Other derivatives

Learning outcomes

After studying this text the learner should / should be able to:

1. Comprehend the existence of derivatives that are not classified under the traditional derivatives (forwards, futures, swaps and options)

2. Describe the derivative product: products of securitization

3. Elucidate the derivative product: credit derivatives

4. Explain the derivative product: weather derivatives.


The mainstream derivatives were discussed above. As stated before, derivatives are instruments that cannot exist without their underlying instruments and their value depends on the value of these underling instruments; and the traditional underling instruments are share prices, share indices, interest rates, commodity prices, exchange rates, etc.

Over the past decades, and in some cases over the past few years, other derivatives have been developed that are based on the prices of other underlying variables. For example, the following derivatives are available in international markets):

• Securitization.

• Credit derivatives.

• Weather derivatives.

• Insurance derivatives.

• Electricity derivatives.

Insurance derivatives have payoffs that are dependent of the amount of insurance claims of a specified type made during the period of the contract. Electricity derivatives have payoffs that are dependent on the spot price of electricity. Here we briefly discuss the other three mentioned.


The products of securitisation may also be seen as "derivatives" because they and their prices are derived from debt or other securities that are placed in a legal vehicle such as a company or a trust. Some analysts will insist that these products are not derivatives. However, the jury is still out in this respect.

Securitisation amounts to the pooling of certain non-marketable assets that have a regular cash flow in a legal vehicle created for this purpose (called a special purpose vehicle or SPV) and the issuing by the SPV of marketable securities to finance the pool of assets. The regular cash flow generated by the assets in the SPV is used to service the interest payable on the securities issued by the SPV.

There are many assets (representing debt) that may be securitised, and the list includes the following:

• Residential mortgages.

• Commercial mortgages.

• Debtors books.

• Credit card receivables.

• Motor vehicle leases.

• Certain securities with a high yield.

• Equipment leases.

• Department store card debit balances (examples: Edgars card and Stuttafords card).

For the banks, securitisation amounts to the taking of assets off balance sheet and freeing up capital. For companies, securitisation presents an alternative to the traditional forms of finance. An example of the latter is the securitisation of company's debtors' book.

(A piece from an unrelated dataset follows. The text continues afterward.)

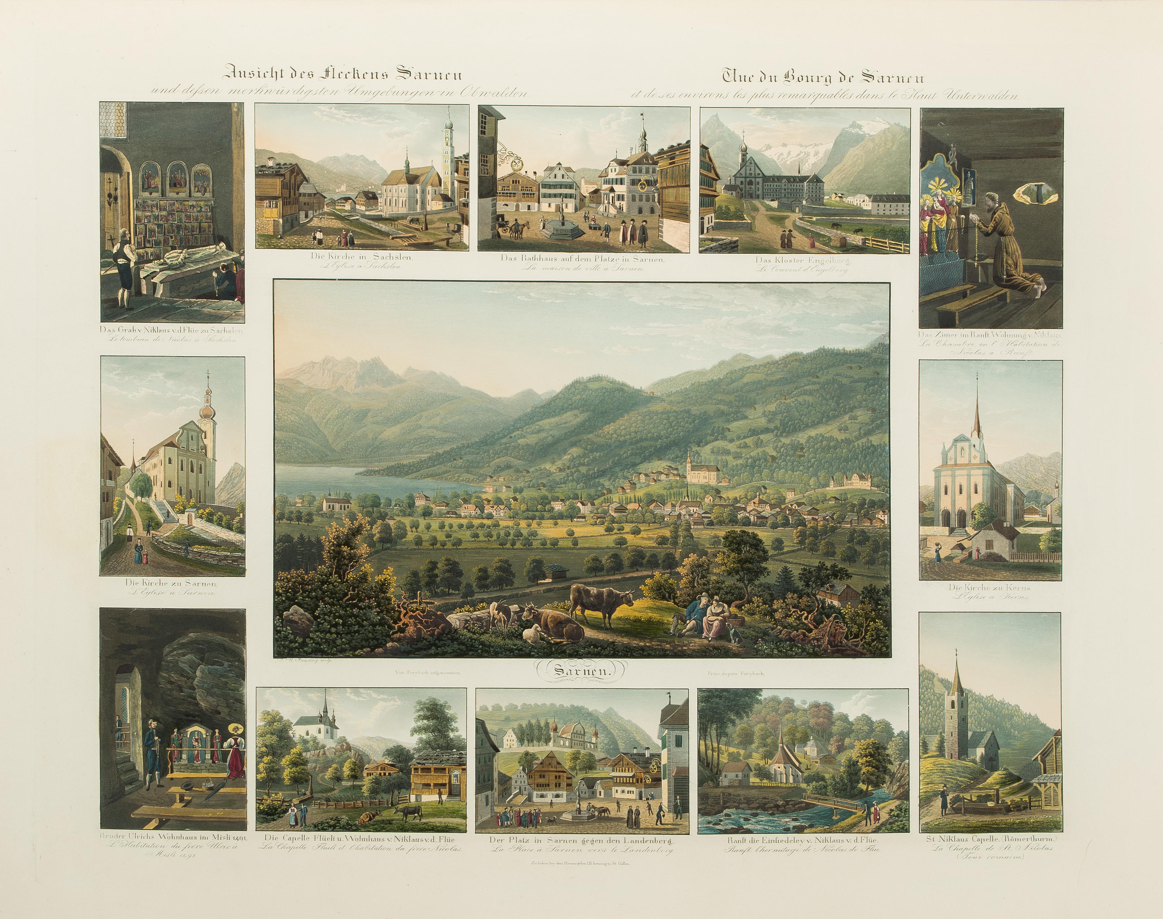 "Ansicht des Fleckens Sarnen und dessen merkwürdigsten Umgebungen in Obwalden". Zentrale Ansicht "Von Forybach aufenommen", umrahmt von 12 Detailansichten von Ort und Umgebung. Altkol. Aquatinta nach D.A. Schmid, 1833/35. 37,2x49,4 cm.

example of bank securitisation of mortgages

Figure 1: example of bank securitisation of mortgages

A typical securitisation (of mortgages) may be illustrated as in Figure 1. In this example, the bank decides to securities part of its mortgage book, in order to free up the capital allocated to this asset. It places R5 billion of mortgages into a SPV, and the SPV issues R5 billion of mortgage-backed securities (MBS) at a floating rate benchmarked to the 3-month JIBAR to finance these assets. A portfolio manager manages the SPV, and trustees appointed in terms of the scheme monitor the process on behalf of the investors (in this case assumed to be pension funds) in the MBS.

It should be noted that the details of the above securitisation have been ignored, in the interests of understanding the basic principles of the transaction. In real life, the scheme is extremely lawyer-friendly, and the MBS issued are rated AAA by the rating agency/agencies in order to attract investors. This is achieved by the credit-enhancement process, by which is meant that the SPV is properly "capitalised". The latter in turn is achieved by the SPV issuing 3 streams of MBS in the following manner (this is an example)68:

• AAA rated MBS: 90% of the total (i.e. R4 500 billion).

• BBB rated MBS (called mezzanine debt): 7% of the total (i.e. R350 million).

• Unrated MBS (called subordinated debt): 3% of the total (i.e. R150 million).

The AAA rated paper, as noted, is sold to the market, while the BBB paper is usually purchased by one of the sponsors at an excellent rate of interest.69 The management company usually holds the unrated paper in portfolio, and a mixture of equity / shares and debt finances this company.

The variable rate of interest paid on the underlying assets (and the cost of the credit enhancement) determines the rate payable on the three streams of paper created by the SPV.